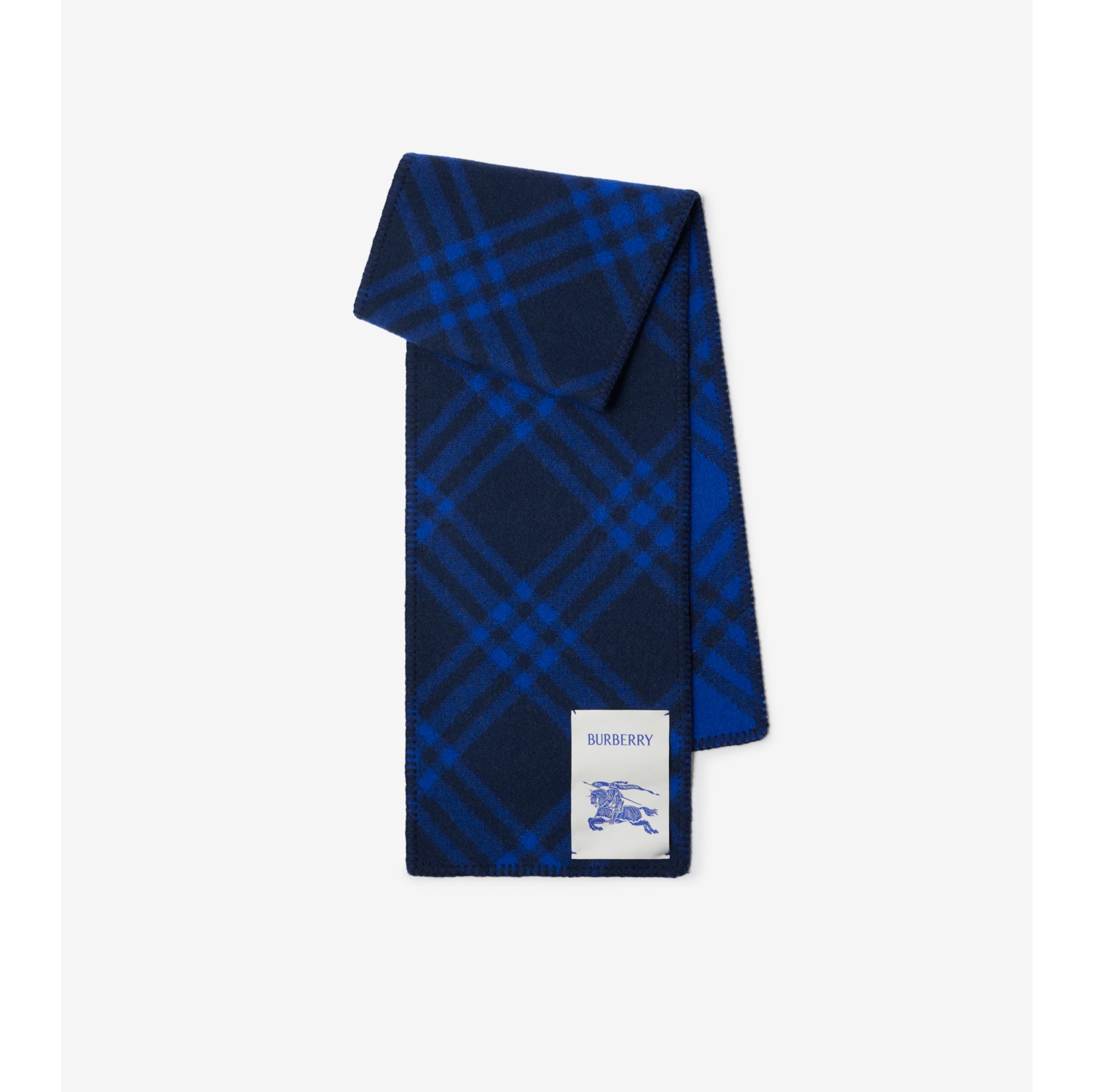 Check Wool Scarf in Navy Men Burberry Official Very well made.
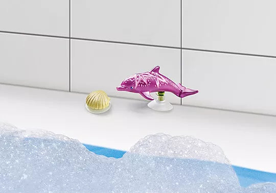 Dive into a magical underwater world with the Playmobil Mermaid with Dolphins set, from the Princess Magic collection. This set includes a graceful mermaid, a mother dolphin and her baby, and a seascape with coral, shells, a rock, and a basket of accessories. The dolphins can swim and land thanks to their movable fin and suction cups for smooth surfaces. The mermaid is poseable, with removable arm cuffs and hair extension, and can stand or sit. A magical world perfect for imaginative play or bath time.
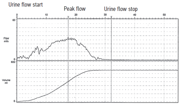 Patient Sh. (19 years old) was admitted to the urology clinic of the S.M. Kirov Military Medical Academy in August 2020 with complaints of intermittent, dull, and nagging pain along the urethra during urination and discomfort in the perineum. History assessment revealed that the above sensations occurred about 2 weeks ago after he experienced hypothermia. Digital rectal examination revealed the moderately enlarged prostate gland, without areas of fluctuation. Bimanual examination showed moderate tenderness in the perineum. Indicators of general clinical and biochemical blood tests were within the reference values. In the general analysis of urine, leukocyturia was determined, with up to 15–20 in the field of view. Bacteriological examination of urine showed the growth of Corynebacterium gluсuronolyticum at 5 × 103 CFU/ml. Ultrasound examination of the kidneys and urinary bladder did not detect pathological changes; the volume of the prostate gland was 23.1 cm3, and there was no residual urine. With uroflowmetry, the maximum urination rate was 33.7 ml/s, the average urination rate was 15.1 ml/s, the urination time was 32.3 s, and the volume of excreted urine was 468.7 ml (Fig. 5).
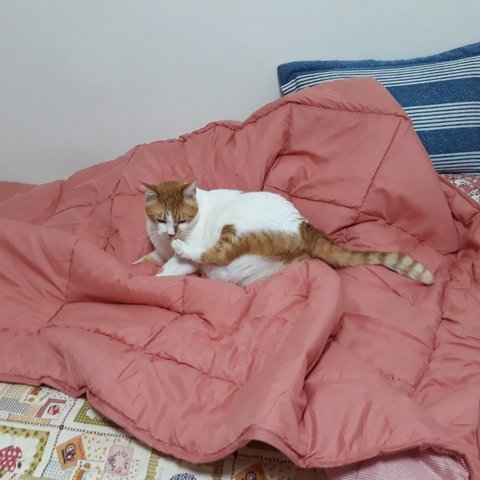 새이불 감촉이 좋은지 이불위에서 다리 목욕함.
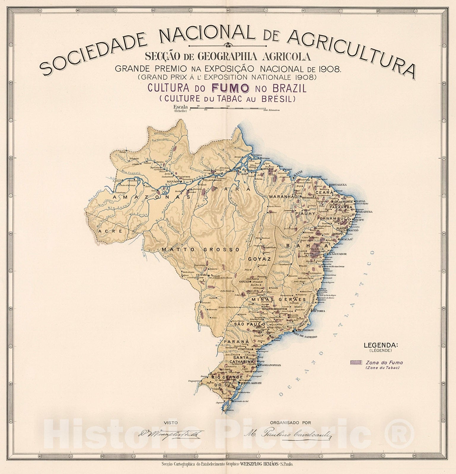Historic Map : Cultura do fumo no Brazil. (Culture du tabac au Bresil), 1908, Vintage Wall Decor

---

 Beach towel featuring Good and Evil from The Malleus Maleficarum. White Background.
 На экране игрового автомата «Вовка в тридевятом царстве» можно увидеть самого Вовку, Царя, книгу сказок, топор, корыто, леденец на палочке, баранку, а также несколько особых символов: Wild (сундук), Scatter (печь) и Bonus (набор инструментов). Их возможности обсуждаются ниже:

_What the exercise asks_: Your reply should consist solely of the lines above from the line containing "Dive into a" up to and including the line containing "Historic Map : Cultura", reproduced exactly, minus the pictures.

_Completed task_:
 Dive into a magical underwater world with the Playmobil Mermaid with Dolphins set, from the Princess Magic collection. This set includes a graceful mermaid, a mother dolphin and her baby, and a seascape with coral, shells, a rock, and a basket of accessories. The dolphins can swim and land thanks to their movable fin and suction cups for smooth surfaces. The mermaid is poseable, with removable arm cuffs and hair extension, and can stand or sit. A magical world perfect for imaginative play or bath time.
 Patient Sh. (19 years old) was admitted to the urology clinic of the S.M. Kirov Military Medical Academy in August 2020 with complaints of intermittent, dull, and nagging pain along the urethra during urination and discomfort in the perineum. History assessment revealed that the above sensations occurred about 2 weeks ago after he experienced hypothermia. Digital rectal examination revealed the moderately enlarged prostate gland, without areas of fluctuation. Bimanual examination showed moderate tenderness in the perineum. Indicators of general clinical and biochemical blood tests were within the reference values. In the general analysis of urine, leukocyturia was determined, with up to 15–20 in the field of view. Bacteriological examination of urine showed the growth of Corynebacterium gluсuronolyticum at 5 × 103 CFU/ml. Ultrasound examination of the kidneys and urinary bladder did not detect pathological changes; the volume of the prostate gland was 23.1 cm3, and there was no residual urine. With uroflowmetry, the maximum urination rate was 33.7 ml/s, the average urination rate was 15.1 ml/s, the urination time was 32.3 s, and the volume of excreted urine was 468.7 ml (Fig. 5).
 새이불 감촉이 좋은지 이불위에서 다리 목욕함.
Historic Map : Cultura do fumo no Brazil. (Culture du tabac au Bresil), 1908, Vintage Wall Decor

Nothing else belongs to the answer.